The claimant purchased a house, relying on a property survey and valuation prepared by the defendant surveyors. Although the claimant paid for the survey, it had been commissioned by the mortgage lender (the building society) to ensure the property’s value was sufficient for the loan. The survey was carried out negligently, failing to identify defects that meant the house was worth significantly less than the purchase price.

The Legal Issue

The central question was whether a surveyor owed a duty of care to a homebuyer when their contract was only with the mortgage lender.

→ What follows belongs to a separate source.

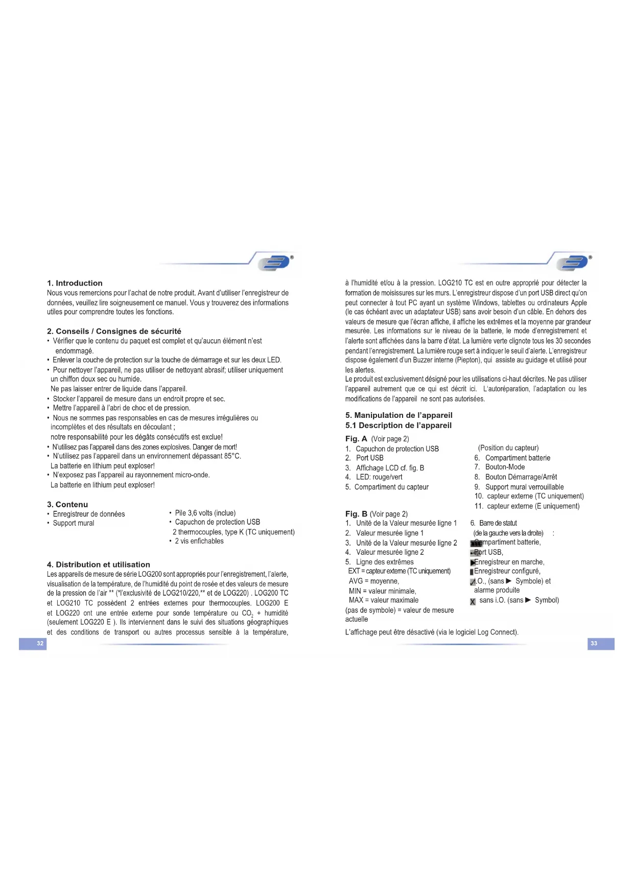 à l’humidité et/ou à la pression. LOG210 TC est en outre approprié pour détecter la formation de moisissures sur les murs. L’enregistreur dispose d’un port USB direct qu’on peut connecter à tout PC ayant un système Windows, tablettes ou ordinateurs Apple (le cas échéant avec un adaptateur USB) sans avoir besoin d’un câble. En dehors des valeurs de mesure que l’écran afche, il afche les extrêmes et la moyenne par grandeur mesurée. Les informations sur le niveau de la batterie, le mode d’enregistrement et l’alerte sont afchées dans la barre d’état. La lumière verte clignote tous les 30 secondes pendant l’enregistrement. La lumière rouge sert à indiquer le seuil d’alerte. L’enregistreur dispose également d’un Buzzer interne (Piepton), qui assiste au guidage et utilisé pour les alertes. Le produit est exclusivement désigné pour les utilisations ci-haut décrites. Ne pas utiliser l’appareil autrement que ce qui est décrit ici. L‘autoréparation, l’adaptation ou les modications de l’appareil ne sont pas autorisées. Fig. A (Voir page 2)

The surveyors had also included a disclaimer stating they assumed no responsibility for the report’s accuracy.

The Decision

The House of Lords held that the surveyors did owe a duty of care to the purchaser. Despite the lack of a direct contract, the court found an “especially close relationship” because the surveyor was aware that the buyer would likely rely on the valuation. Crucially, the disclaimer was ineffective because it failed the “reasonableness” test required by the Unfair Contract Terms Act 1977 (UCTA).

Key Reasoning and Principles

  • Reasonable reliance: it is “commonly understood” that homebuyers rely on mortgage valuations to save on the cost of a full structural survey, especially since the buyer ultimately pays the lender for the valuation.
  • Modest means and importance: for many, a house is the most important purchase of their life. The claimant was of “modest means” and was entitled to rely on the professional valuer’s skill.
  • The UCTA reasonableness test: the House of Lords identified several factors for whether a disclaimer is reasonable:
    • the bargaining power of the parties;
    • how difficult the task being undertaken was;
    • the practical consequences of the loss, including the parties’ ability to bear it through insurance.
  • Distinction from Caparo: unlike Caparo v Dickman, where an audit could be relied upon by an indeterminate number of investors, the surveyor here knew specifically who would rely on the report for one particular transaction.

Legacy and Limitations

The decision is primarily applicable to private residential homebuyers. This was highlighted in Scullion v Bank of Scotland, where the court refused to extend the duty to a purchaser of a buy-to-let property, treating that as a commercial investment rather than the purchase of a family home.